─── DATASET CONTENT

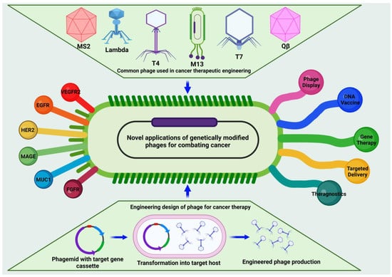 Many different types of viruses, both mammalian and bacterial, have been used for several types of biological applications [,,,,,,,,,,,,,,,,,]. Bacteriophages, i.e., prokaryotic viruses that exclusively infect bacteria, not mammalian cells, have recently attracted the attention of the scientific community as potential cancer immunotherapy agents. This is due to the ease with which they display the desired functional peptides on the body in order to achieve high specificity towards cancer cells without incurring unexpected immunogenic issues in humans. Bacteriophages exist in a variety of forms, and each form has a unique structure and is associated with a unique strain of bacteria. Bacteriophages have several potential uses, including in the phage display technique and as phage vectors for gene therapy [,,,,,,,,,,,,,,,,,,,]. Phages capitalize on genetic plasticity to alter their surface, thus opening a new dimension in the prospective use of bacteriophages for medicinal purposes. Protein–protein interactions, receptor-binding sites, epitopes, mimotopes, and functional sites of antigens may be quickly and efficiently detected using the phage display approach []. Figure 1 provides a comprehensive summary of the various types, designs, and applications of engineered phages described in this review and outlines the different approaches used to engineer phages and the diverse applications of these methods, serving as a valuable visual aid in the understanding of the key concepts presented in this review.
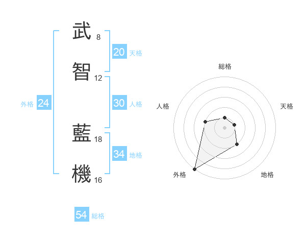 武智 藍機さんの天格は20画の1点!
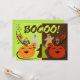 Personalise Cute Boo Halloween invitation with six happy pumpkins, two owls and three ghosts. One Half is light green and other half is dark brown.
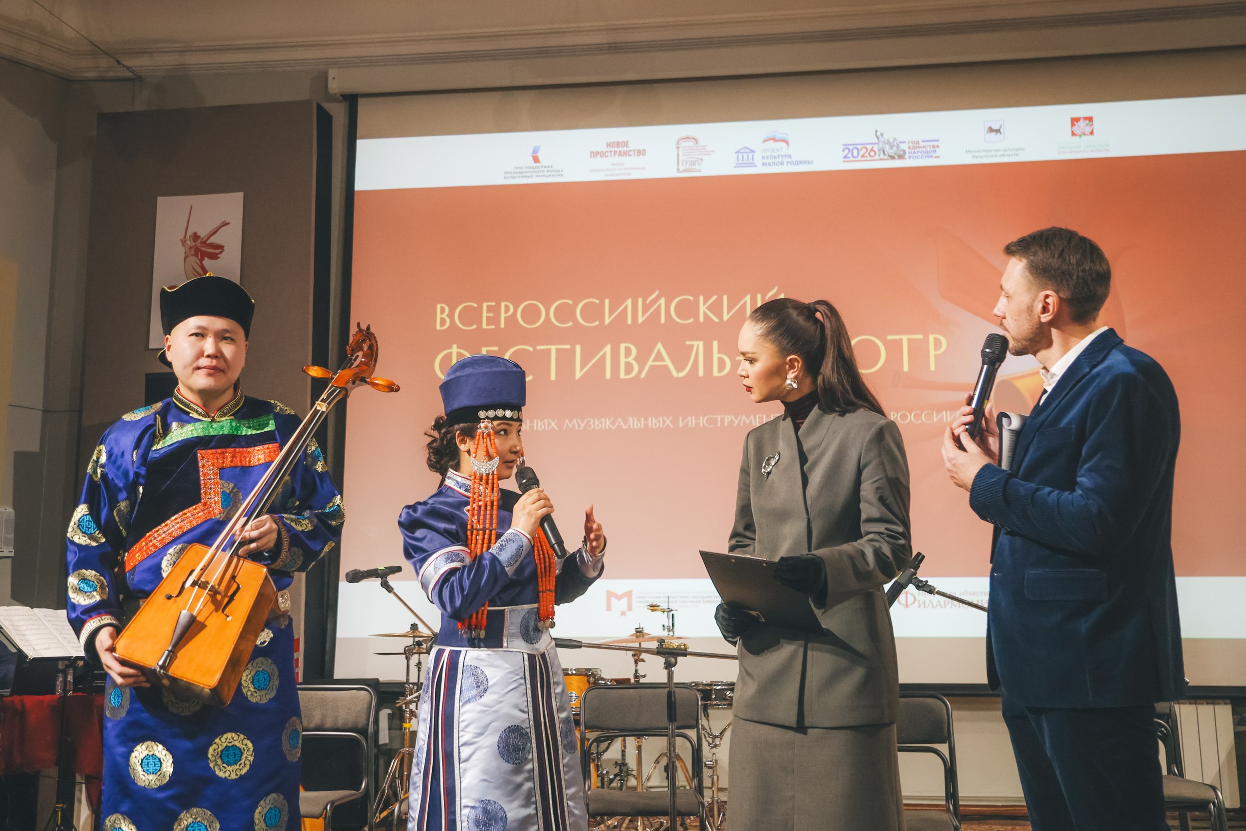 Столица Приангарья дала старт большому музыкальному марафону, объединяющему исполнителей, исследователей и мастеров – тех, кто работает с национальными музыкальными инструментами народной России. В 2026 году фестиваль-смотр состоится в четырёх регионах страны: Иркутская область, Республика Карелия, Удмуртская Республика, Ставропольский край – охватывая все федеральные округа страны. В Иркутск прибыли яркие исполнители из Сибирского и Дальневосточного федеральных округов – около 80 талантливых музыкантов.
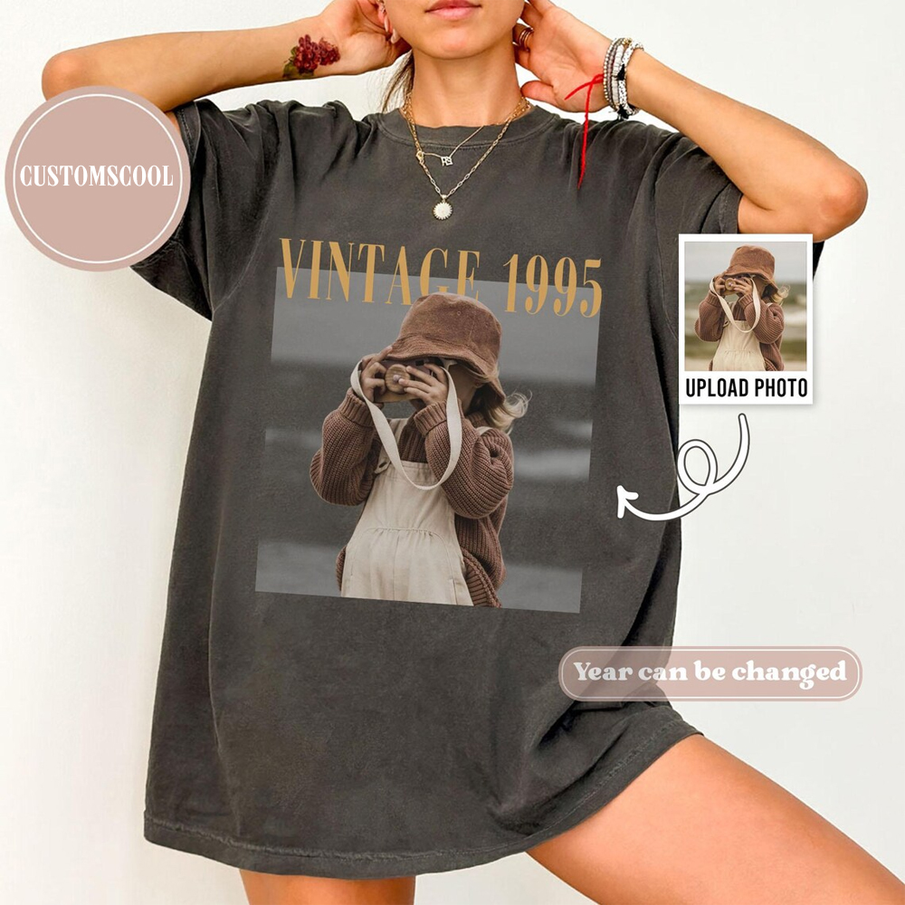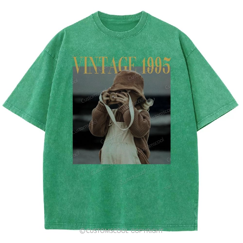 Addcustom Photo Year Vintage 1995 Unisex Fit Washed T-Shirt Customscool

──────

**GOAL OF THE EXERCISE:**
Leave out the pictures and output everything else in the records exactly.

**SOLUTION:**
 Many different types of viruses, both mammalian and bacterial, have been used for several types of biological applications [,,,,,,,,,,,,,,,,,]. Bacteriophages, i.e., prokaryotic viruses that exclusively infect bacteria, not mammalian cells, have recently attracted the attention of the scientific community as potential cancer immunotherapy agents. This is due to the ease with which they display the desired functional peptides on the body in order to achieve high specificity towards cancer cells without incurring unexpected immunogenic issues in humans. Bacteriophages exist in a variety of forms, and each form has a unique structure and is associated with a unique strain of bacteria. Bacteriophages have several potential uses, including in the phage display technique and as phage vectors for gene therapy [,,,,,,,,,,,,,,,,,,,]. Phages capitalize on genetic plasticity to alter their surface, thus opening a new dimension in the prospective use of bacteriophages for medicinal purposes. Protein–protein interactions, receptor-binding sites, epitopes, mimotopes, and functional sites of antigens may be quickly and efficiently detected using the phage display approach []. Figure 1 provides a comprehensive summary of the various types, designs, and applications of engineered phages described in this review and outlines the different approaches used to engineer phages and the diverse applications of these methods, serving as a valuable visual aid in the understanding of the key concepts presented in this review.
 武智 藍機さんの天格は20画の1点!
 Personalise Cute Boo Halloween invitation with six happy pumpkins, two owls and three ghosts. One Half is light green and other half is dark brown.
 Столица Приангарья дала старт большому музыкальному марафону, объединяющему исполнителей, исследователей и мастеров – тех, кто работает с национальными музыкальными инструментами народной России. В 2026 году фестиваль-смотр состоится в четырёх регионах страны: Иркутская область, Республика Карелия, Удмуртская Республика, Ставропольский край – охватывая все федеральные округа страны. В Иркутск прибыли яркие исполнители из Сибирского и Дальневосточного федеральных округов – около 80 талантливых музыкантов.
 Addcustom Photo Year Vintage 1995 Unisex Fit Washed T-Shirt Customscool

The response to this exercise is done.